Rich Eng is one of those Wisconsin voters following along. He says the endorsements by conservatives such as the Cheneys has granted permission for conservatives like him to vote for Harris. The retired executive says he’s been concerned about the direction of the Republican party under Trump since 2016, but he doesn’t identify as a Never Trumper.
Eng says in order to vote for Trump, he’d need the former president to meet three conditions: “He's got to congratulate Joe Biden on the election. He's got to stop his people and himself from doing all these attacks and bullying and lying. And if he can get the party to pass the immigration bill that Senator James Lankford helped write, then I think I would change my mind. But until then, I'm not supporting him.”
Rich Eng also says that the events of January 6, 2021, and Trump’s felony convictions aren’t total deal breakers. “I believe in rule of law, so he's got to serve his time, but I also believe if somebody can change, and he admits that the election was won fair and square by Joe Biden, he apologizes for January 6, he's got to face the consequence of the law, however that may play out, but. But you know, if he truly demonstrates a change of heart and change in character is denoted by, you know, keeping small promises, then I'm willing to give him a chance.”
He didn't see evidence of any of those things happening in the debate.
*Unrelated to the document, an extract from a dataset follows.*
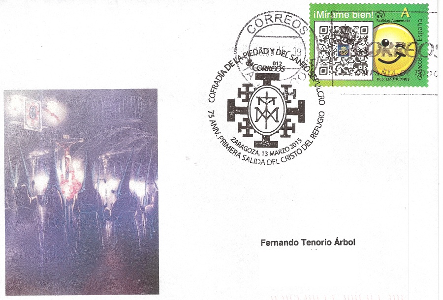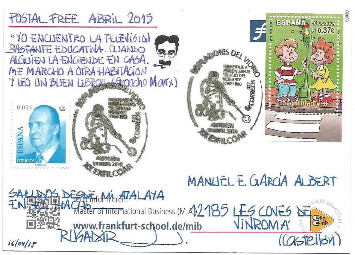 Muestro aquí el matasellos empleado (número 019 de Correos), el anverso de la tarjeta y su reverso.

A tough decision for some conservatives
Eng says he’ll be voting for Harris in November. But for his wife Lena, who also voted for Haley in the primary, the decision is not so simple. She generally doesn’t agree with Democratic policies, and she’s worried about whether Harris would foster bipartisanship in Congress. “Policy wise, I'm not super comfortable with Kamala, but I think she has better character,” Lena Eng says.
Eng notes, as someone with Taiwanese parents who immigrated to the U.S. in the 1960’s, Trump’s nickname for the coronavirus as the “China virus” or lies about Haitian immigrants eating pets in Ohio are alarming. She describes her own mother-in-law’s story after immigrating to New York from China.
“She grew up and she had to wear a sign that said, ‘I am not Japanese.’ Because of, you know, World War II happening. Words do matter.”
Back in 2020, Eng didn’t vote for Trump or Biden. She wrote in her pick. She says 2024 might be the first time she votes for a Democrat.